"A Journey Through Abuja: The Evolution of Nigeria's Capital City"


By  Muhammad Ahamed Aliyu

Abuja is the capital city of Nigeria, located in the central part of the country. It became the capital city in 1991, taking over from Lagos, which had previously served as the capital. The decision to move the capital to Abuja was made in order to create a more neutral location for the government, as Lagos was seen as favoring the Yoruba ethnic group.

The development of Abuja as a capital city began in the 1980s under the military regime of General Ibrahim Babangida. The city was planned and developed as a purpose-built capital, with modern infrastructure and facilities. Construction of government buildings, residential areas, and various amenities such as hospitals, schools, and transport networks were carried out to create a functioning administrative center.
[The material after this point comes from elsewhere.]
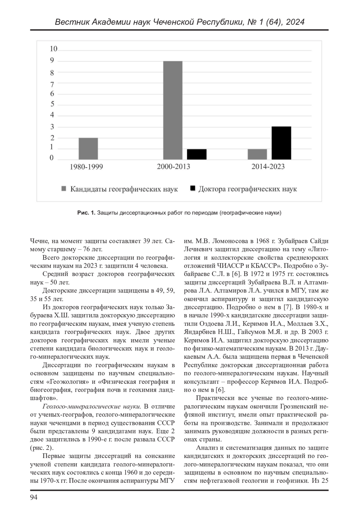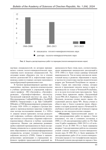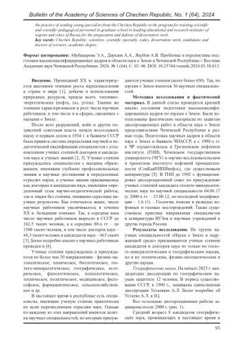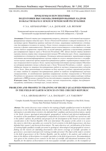 В данной статье рассматриваются вопросы, связанные с подготовкой высококвалифицированных кадров в области наук о Земле в Чеченской Республике со второй половины ХХ в. по настоящее время. Приведены краткие сведения об ученых, защитивших кандидатские и докторские диссертации в основном по наукам о Земле (геолого-минералогические, географические, технические и физико-математические). Проведен анализ количественного и качественного состава ученых данного направления, определены, на взгляд авторов, проблемы и перспективы развития рассматриваемой отрасли науки в Чеченской Республике (ЧР). Целью данной статьи является оценить степень охвата этих специальностей учеными ЧР в области наук о Земле, защитившими кандидатские и докторские диссертации. Основными задачами являются: периодизация истории подготовки высококвалифицированных научных кадров по геолого-минералогическим и географическим наукам; выяснение причин защит диссертационных работ с неравномерным охватом научных специальностей по наукам о Земле; оценка перспектив подготовки научных кадров. Объектом исследования являются ученые в области наук о Земле Чеченской Республики, а метод - анализ и обобщение данных по защитам диссертационных работ по научным специальностям в области наук о Земле. Даны рекомендации по созданию на базе научных и учебных учреждений республики новых советов по защитам диссертационных работ по наиболее востребованным научным специальностям, по возобновлению практики направления молодых специалистов из Чеченской Республики по программе подготовки научных и научно-педагогических кадров в ведущих учебных заведениях и НИИ регионов и городов России для подготовки и защиты диссертационной работы.

Abuja is known for its modern architecture, with notable landmarks such as Zuba Rock, Aso Rock, the National Mosque, and the National Assembly building. The city is also home to several international embassies, government offices, and institutions.

Abuja is a bustling cosmopolitan city, with a diverse population drawn from various ethnic groups across Nigeria. It serves as the political, economic, and cultural center of the country, hosting events, conferences, and activities that shape the nation's direction.

Overall, Abuja is a symbol of Nigeria's aspirations for progress and development, showcasing the country's potential on the global stage.